Exposure to air pollution raises the risk of resistance to insulin, a typical warning sign of diabetes, according to a study of almost 400 German 10-year-olds.
Insulin resistance climbed by 17 per cent for every 10.6 micrograms per cubic metre increase in ambient nitrogen dioxide and by 19 per cent for every 6 micrograms per cubic metre increase in particulate matter.
The findings were published yesterday in Diabetologia, the journal of the European Association for the Study of Diabetes.
The study adds to previous research showing a link between traffic-related air pollution and diabetes development in adults.
Those studies have shown that exposure to fine particles that invade the breathing system and get into the heart and blood vessels increases inflammation, which may be linked to insulin resistance, said Joachim Heinrich of the German Research Centre for Environmental Health, one of the study authors.
"Given the ubiquitous nature of air pollution and the high incidence of insulin resistance in the general population, the associations examined here may have potentially important public health effects," Heinrich said in the published paper.
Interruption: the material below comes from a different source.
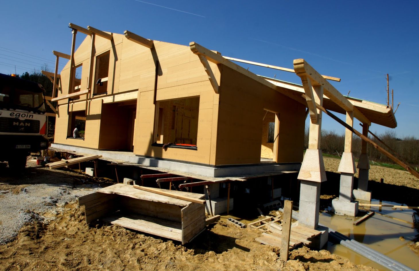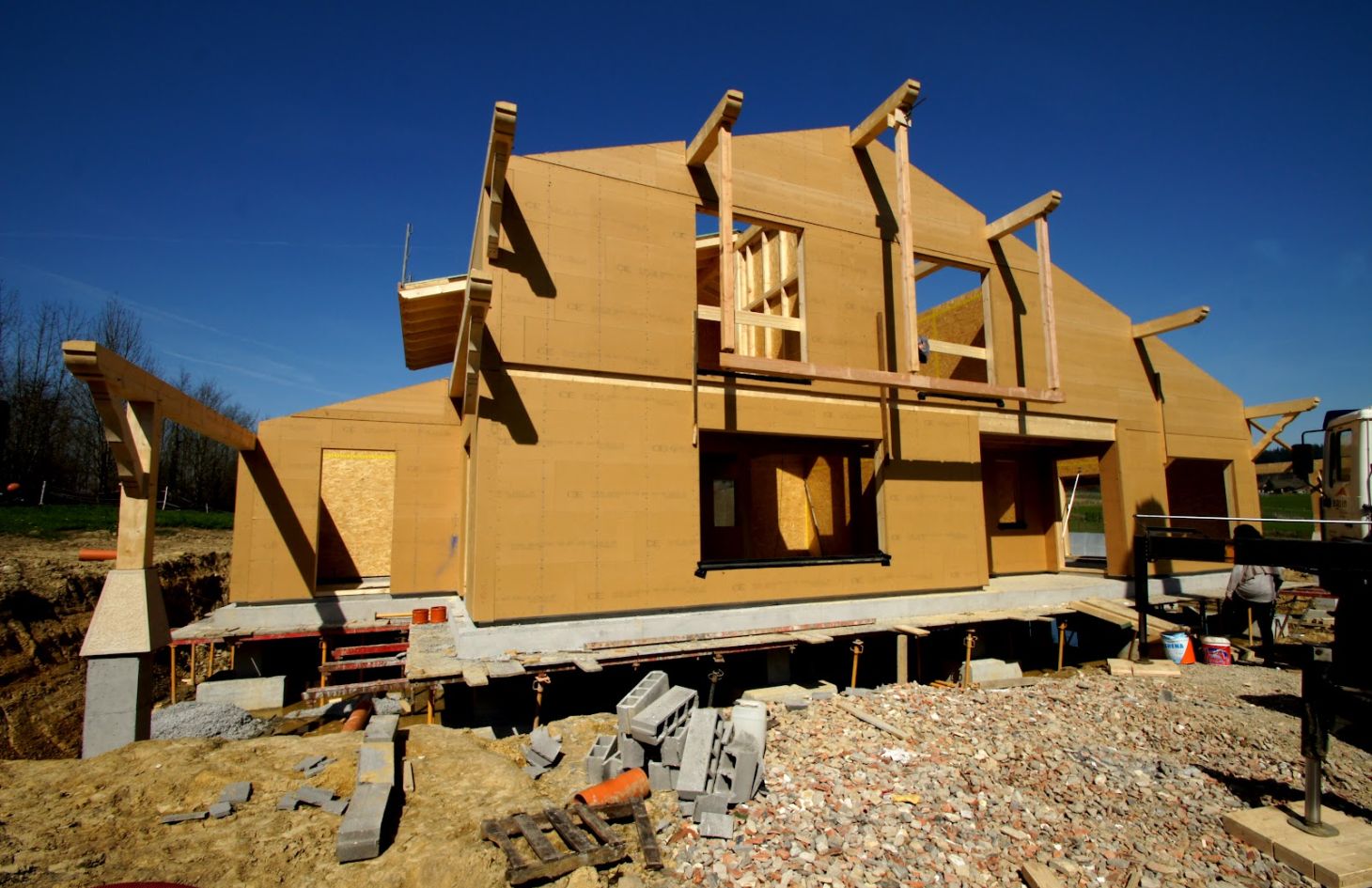 La estructura de madera se levanta sobre ese forjado sanitario, utilizando bastidores grandes de entramado ligero de madera que vienen directamente de fábrica, milimétricamente cortados y con los aislantes ya colocados dentro de los propios bastidores.

Diabetes occurs when blood-sugar levels are too high. In the Type 1 form of the disease, the body is unable to produce insulin, the hormone used to convert blood sugar into energy. In Type 2 diabetes, the body either cannot produce enough insulin or becomes resistant to its effects.
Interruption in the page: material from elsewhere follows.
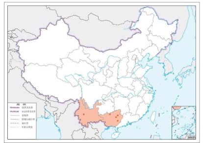 【地理分布】 广西(阳朔、容县、环江、金秀)、云南(云县)。

Type 2 diabetes tends to strike later in life, brought on by obesity and sedentary lifestyles. The Type 2 form accounts for 90 per cent of the 347 million cases of diabetes globally, according to the World Health Organisation.
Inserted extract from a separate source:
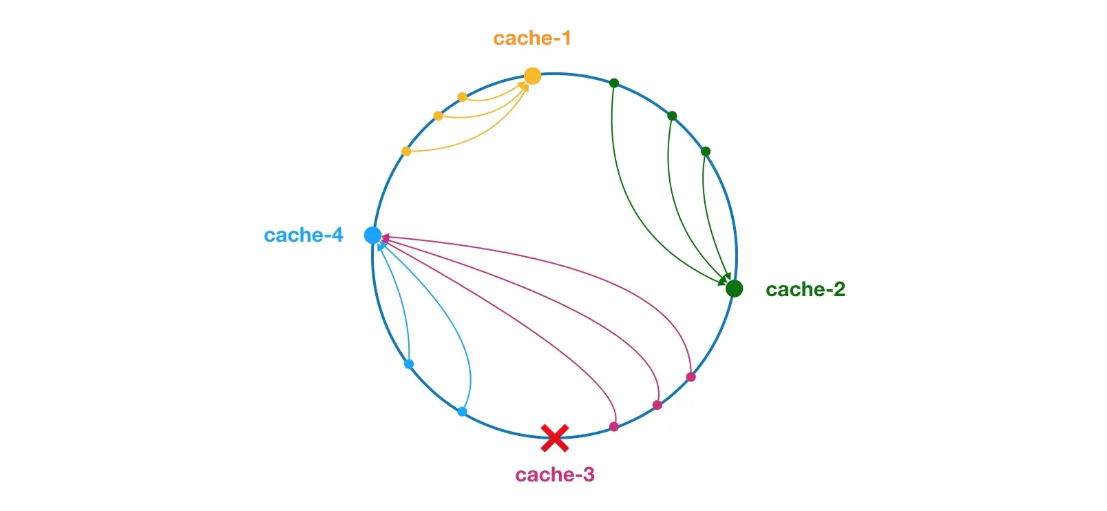 比如下面绿色点对应的缓存项将会被存储到 cache-2 节点中。

The researchers collected blood samples from the 397 children who were included in two German birth cohort studies. Exposure to air pollutants at their birth addresses were estimated by analysing emissions from road traffic in the neighbourhood, population density and land use in the area.
The measurements of blood insulin levels and estimates of pollution were taken at different times, so the findings "should be regarded with caution", said Jon Ayres, a professor of environmental and respiratory medicine at the University of Birmingham in England.
A larger study should be conducted to confirm the possible link, Ayres said.
A follow-up study at age 15 would explore how these findings evolved during and after puberty and the effect of moving to a cleaner area, Heinrich and his colleagues said.
The research was funded by the German Federal Ministry of Education and Research and the European Community's Seventh Framework Programme.